The current NCCN guidelines recommend bone marrow assessment after induction at the time of hematologic recovery. This morphology-focused schedule is not ideal for monitoring of therapeutic response. Studies using MFC and RT-qPCR have consistently demonstrated (1) the successive absence of MRD after induction and at the end of therapy is more predictive of stable remission; (2) the presence of MRD at the end of therapy is more predictive of relapse; (3) clearance of MRD detected by MFC after induction may not effectively neutralize the risk of relapse. These findings indicate that MRD assessment is best performed at multiple time points, minimally at the end of first induction and at the end of therapy.
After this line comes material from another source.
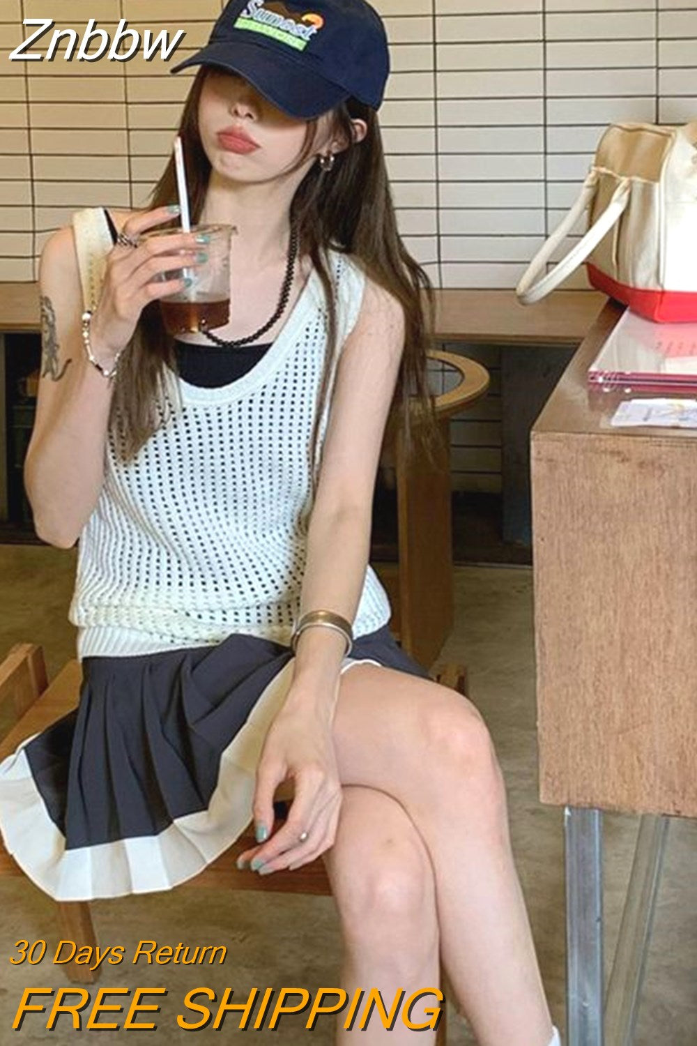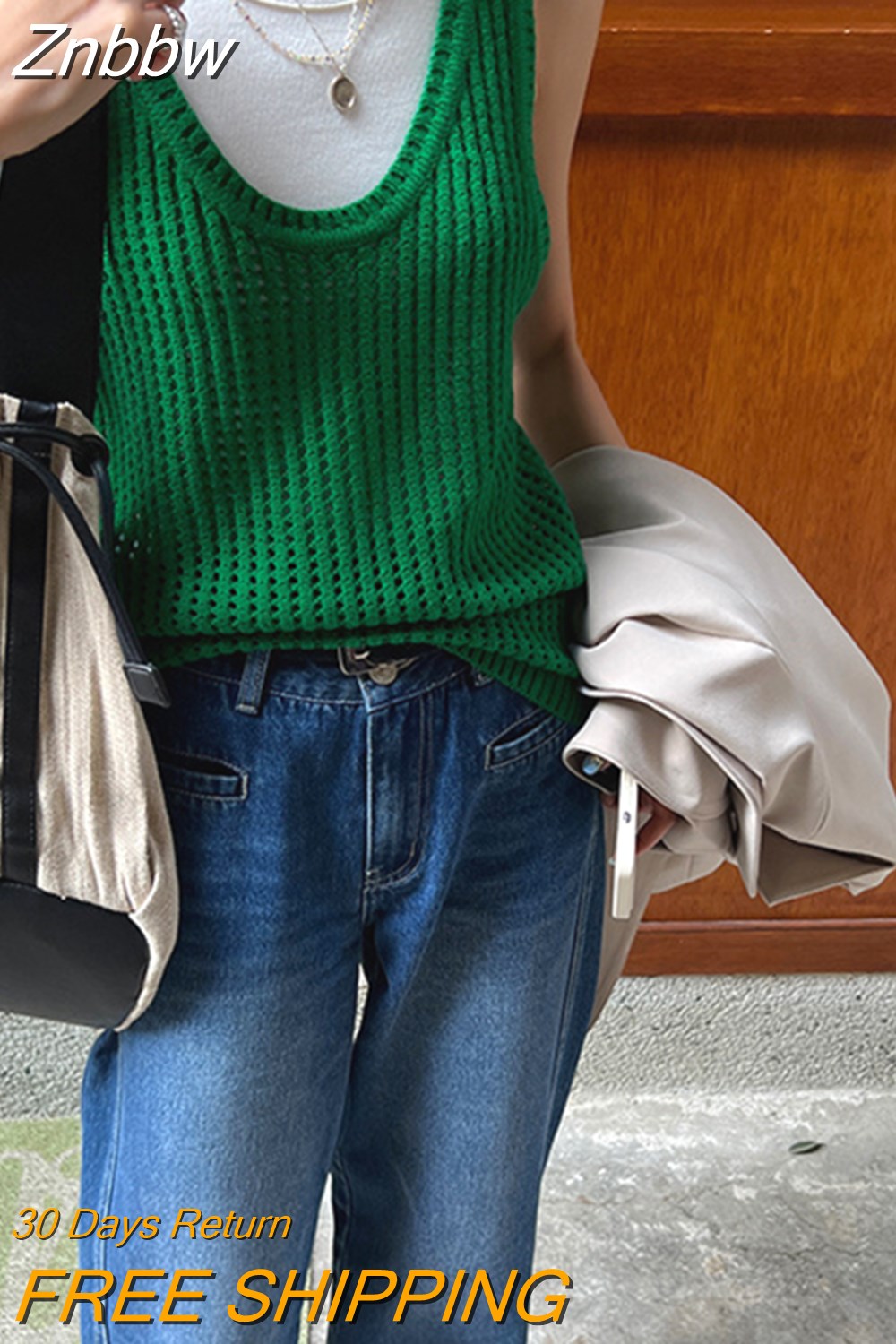 Znbbw Vintage Knitted Tank Tops Women Harajuku Solid Hollow Out Vest Korean Fashion Loose Casual Sleeveless Tops High Street

In addition, the high sensitivity of multiplexed molecular techniques allows MRD monitoring of peripheral blood after completion of therapy, a characteristic whose utility has already been demonstrated in core-binding factor AML and AML associated with mutated NPM1. Although MRD testing on peripheral blood is less sensitive than testing on the bone marrow, the ease of obtaining specimens allows the possibility for more frequent monitoring, and so peripheral blood testing is likely to play a larger role going forward.

Conclusion

In summary, the recent ELN recommendation to establish CR-MRD as a separate category of treatment response represents a milestone in integrating MRD research into clinical practice. In addition, RT-qPCR and the advent in NGS-based techniques promise high-sensitivity molecular MRD detection for the large majority of AML. Together with MFC immunophenotyping, comprehensive MRD evaluation during and after therapy is already providing much improved clinical assessment of treatment response and will play an increasingly important role in guiding disease management in the future.